Because of the simplicity of Gini coefficients, we extended this analysis using the concept of KL divergence. In computational science, KL divergence is an important measure of comparisons between probability distributions. We thus calculated the KL divergence for different temperatures in reference to a uniform distribution of rotamer probabilities, so as to corroborate possible energy dissipation in rotamers (Fig 5D, 5E and 5F). Because of the uniform distribution reference, reduced KL divergence values indicate a more uniform distribution.

As expected, in TtMTHFD most residues show a reduction in both KL divergence and Gini coefficients upon transition from 303 K to 363 K (Fig 5C and 5F). Interestingly, in these figures, the more thermo stable TtMTHFD shows a slightly more uniform distributed peaks with lower intensities, both for the Gini coefficients and KL divergence values. In addition, several charged residues and hydrophobic residues appear to have especially reduced Gini coefficients and KL divergences. This is particularly striking for the KL divergencies of TtMTHFD, where most significant peaks are from charged residues (Fig 5F). Thus, the rotamer analysis confirms the hypothesis that temperature resistant proteins have more charged large amino acids like arginine and lysins on their solvent exposed surface possibly because these residues act like heat energy dissipators. To corroborate the validity of Gini and KL analysis, average Gini and KL values were plotted against the temperature (Fig 5G and 5H, respectively). As can be seen, both average Gini and KL values are reduced with higher temperatures, corroborating their validity.

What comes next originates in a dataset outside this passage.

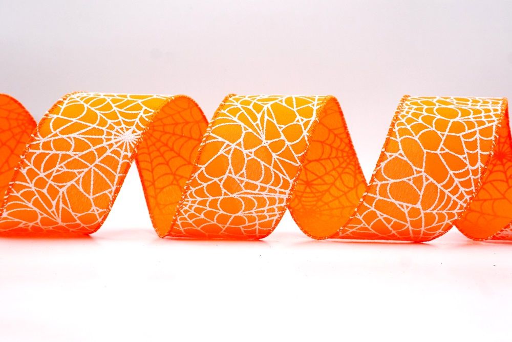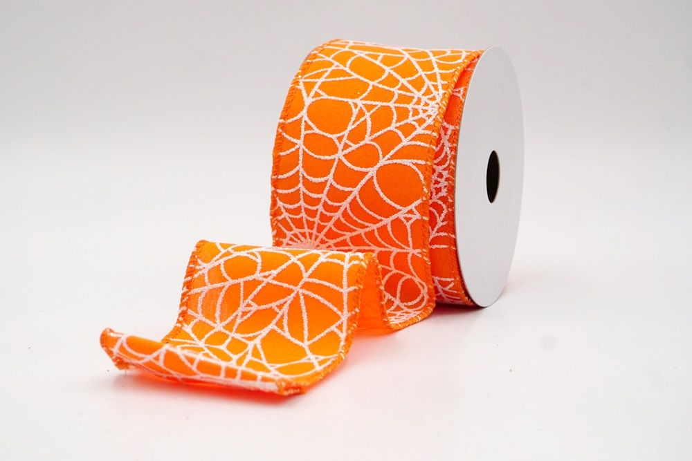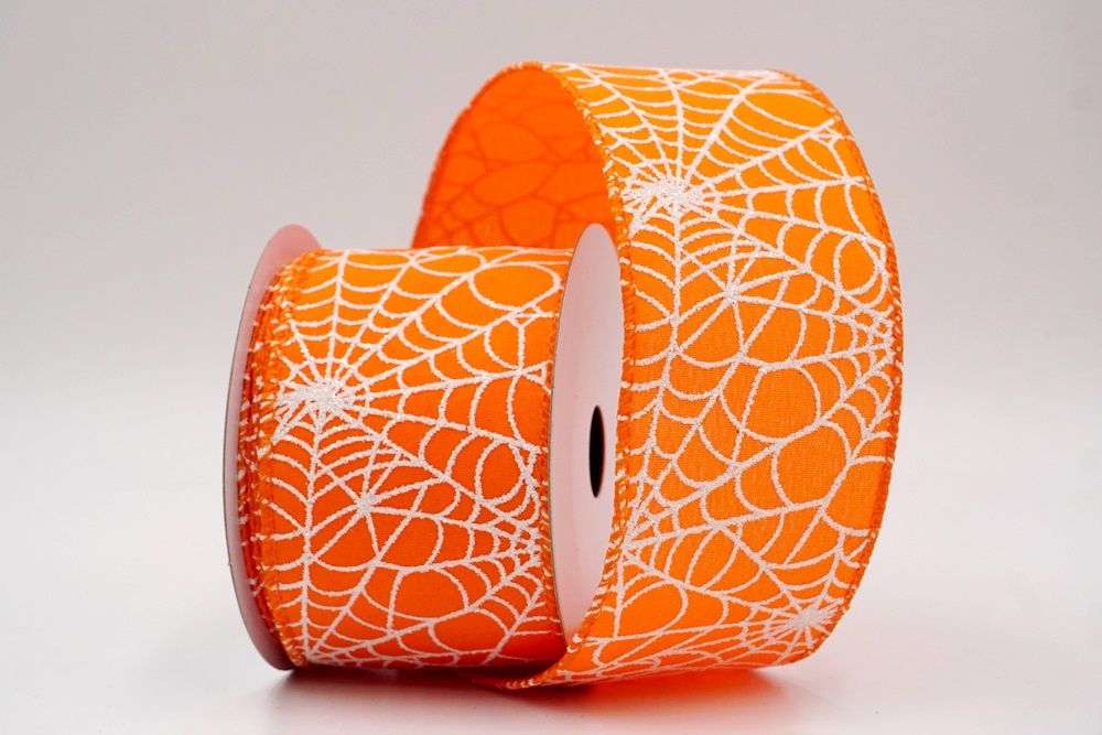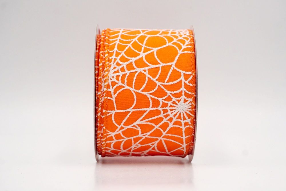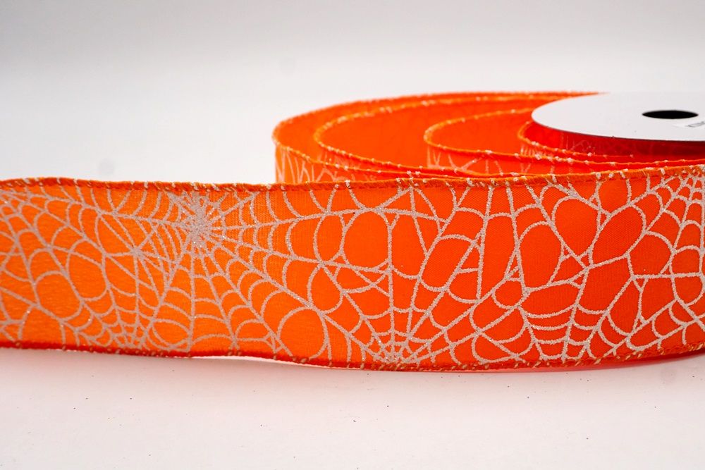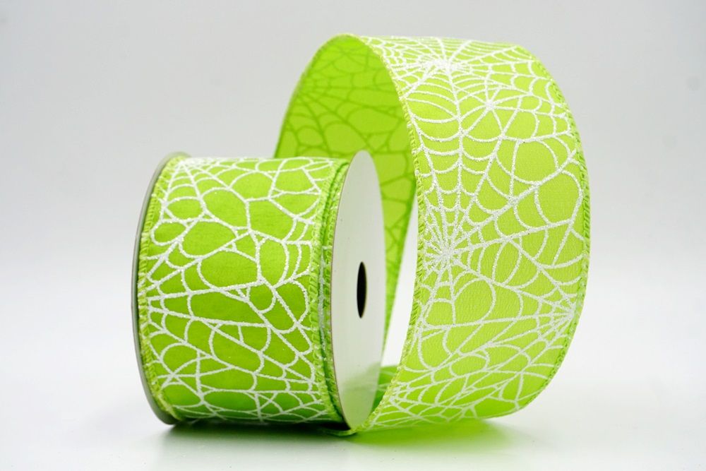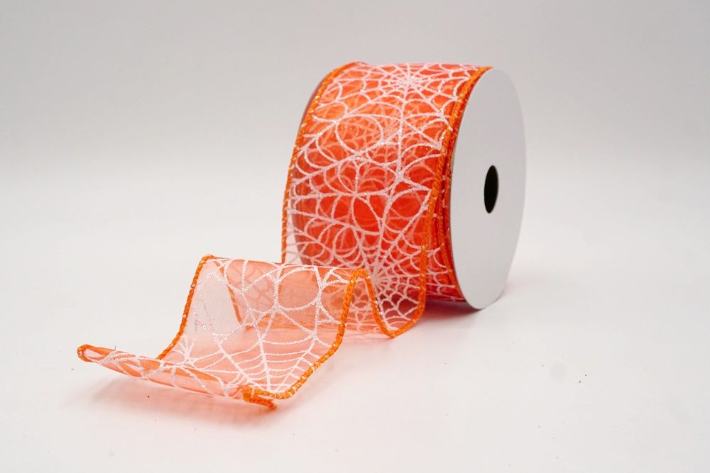 A szalagon látható vizuális elemek egy részletes és kissé ijesztő pókháló mintázatot mutatnak, amelyet fémes csillogás egészít ki. A szalag teljes felületét egy finom fehér hálós minta borítja, amely úgy néz ki, mint a finom csipke. Ez a webmintázat gyakran fényes, csillogó felülettel van nyomtatva, ami a szalagnak egy észrevehető csillogást kölcsönöz, mintha harmattal vagy fagyottal lenne borítva. Ez a csillogó hatás különösen figyelemfelkeltő a áttetsző anyagon, ahol a háttérszín átsüt a transzparens anyagon. A zsákvászon verzión a webes minta tisztán kiemelkedik a szilárd, texturált alap színnel szemben. Mivel a szalagban beépített drótél található, könnyen formázható drámai, szélfútta alakra, és szorosan rögzíthető. A drót lehetővé teszi a készítő számára, hogy a szalagot egy ijesztő, strukturált hajtást adjon, amely végig megőrzi formáját a rémisztő szezon során.

Determinants of thermostability

Taken together all four analyses indicated important determinants of thermostability in MTHFD. To obtain more mechanistic insight, it is however essential to integrate the different approaches in order to identify correlations between the different descriptors. To scale these ΔKL, GCD, PC1 and DBC values at the three temperatures for comparison, different Zi scores (that is number of standard deviations from the mean) were calculated for these per-residue values. Then, heat map analysis was carried out with the different per-residue Zi scores using hierarchical clustering (Fig 6A). The clustering showed strong correlations between the difference KL values (ΔKL) and the Gini coefficient differences (GCD). Additionally, the 1st PC values (PC1) at different temperatures tended to correlate with each other, as did the ΔBC values (DBC).

Amino acid heatmap.
Fig 6
(A) Obtained per-residue first principal component projections (PC1), betweenness centrality differences (DBC), Gini coefficient of rotamer distribution differences (GCD) and KL coefficient of rotamer distributions differences (ΔKL) Z-scores at the three different temperatures (303 K, 333 K, 363 K as indicated) of the MD simulations of T. thermophilus MTHFD were hierarchically clustered. While ΔKL values clustered to corresponding GCD values, PC1 and DBC values clustered separately. (B) Clustering allowed to score residues with a composite Z-score and important residues (1 standard deviation above average) are shown projected on the T. thermophilus T. thermophilus MTHFD T. thermophilus MTHFD MTHFD crystal structure (Gln 104, Glu 108, Pro 121, Asn 123, Val 124, Arg 126, Leu 127, Gly 131, Val 228, Asn 229, Val 231, Glu 232, Glu 245 and Phe 248). PCA of the rotamer library values of the 2 sigma level composite Z-score charged residues of T. thermophilus MTHFD MD trajectories is shown at 303 K (C) and 363 K (D) demonstrating visually energy dispersion effects. The coloring indicates k-means clustering of the rotamer vectors, which led to an identification of 4 rotamer conformation clusters. Residue identity histograms comparing T. thermophilus MTHFD with A. baumannii MTHFD (E) and with T. acidophilum MTHFD (F) showing that residues with high composite Z-scores (decreasing in bins from left to right) are less conserved. This indicates a selective evolutionary pressure in thermophiles, especially as demonstrated by the TtMTHFD versus TaMTHFD comparison.Amino acid heatmap.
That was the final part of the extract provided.